▸ Problem requirements: Go through the data below and repeat it exactly, skipping each picture.

▸ Data segment:

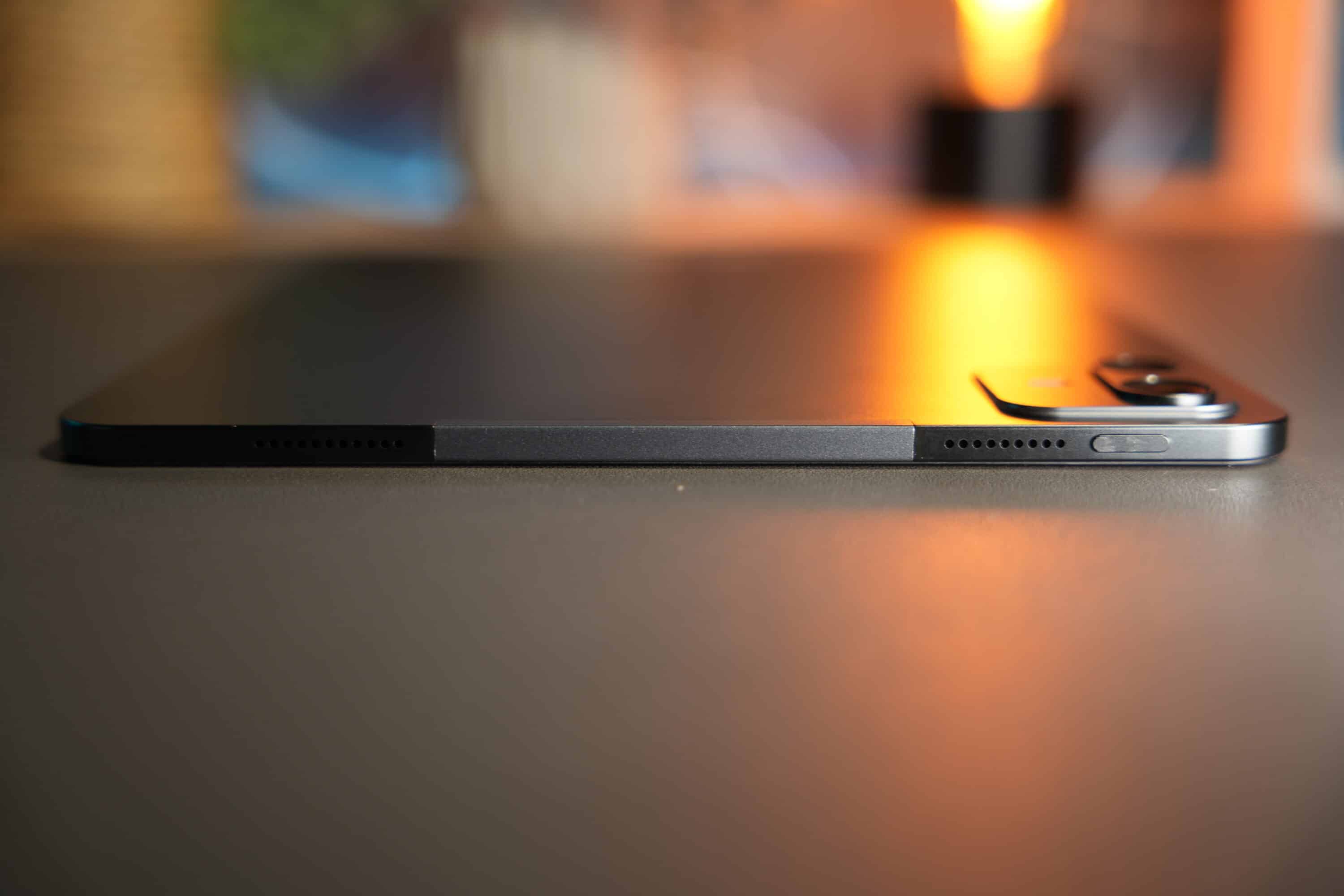 Mit Abmessungen von 279 × 211 × 7,2 mm und einem Gewicht von 674 g liegt es trotz seiner Größe angenehm in der Hand, auch wenn längere Einsätze eher eine Ablagefläche empfehlen. Die Displayränder sind etwas dicker als bei einigen Premium-Konkurrenten, was optisch vielleicht nicht ganz so modern wirkt, in der Praxis aber durchaus Vorteile bringt: Es gibt genügend Platz, um das Gerät festzuhalten, ohne unbeabsichtigt Eingaben auf dem Bildschirm auszulösen. Die Verarbeitung wirkt insgesamt hervorragend und das Tablet vermittelt einen robusten, langlebigen Eindruck.
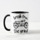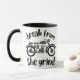 A coffee mug featuring a monochromatic retro motorcycle, with the phrase "Break from the Grind" centered around the image. The design suggests a sense of adventure and freedom, offering a peaceful escape from the daily routine.
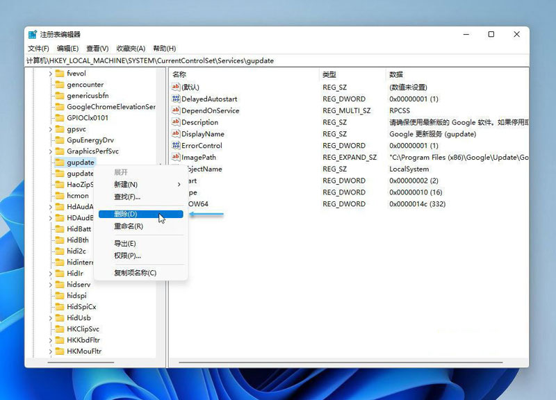 3、Windows 上的所有「服务」都由Services目录中的键表示,只需右键点击要删除的服务名称,然后选择「删除」即可。

▸ Finished exercise:
 Mit Abmessungen von 279 × 211 × 7,2 mm und einem Gewicht von 674 g liegt es trotz seiner Größe angenehm in der Hand, auch wenn längere Einsätze eher eine Ablagefläche empfehlen. Die Displayränder sind etwas dicker als bei einigen Premium-Konkurrenten, was optisch vielleicht nicht ganz so modern wirkt, in der Praxis aber durchaus Vorteile bringt: Es gibt genügend Platz, um das Gerät festzuhalten, ohne unbeabsichtigt Eingaben auf dem Bildschirm auszulösen. Die Verarbeitung wirkt insgesamt hervorragend und das Tablet vermittelt einen robusten, langlebigen Eindruck.
 A coffee mug featuring a monochromatic retro motorcycle, with the phrase "Break from the Grind" centered around the image. The design suggests a sense of adventure and freedom, offering a peaceful escape from the daily routine.
 3、Windows 上的所有「服务」都由Services目录中的键表示,只需右键点击要删除的服务名称,然后选择「删除」即可。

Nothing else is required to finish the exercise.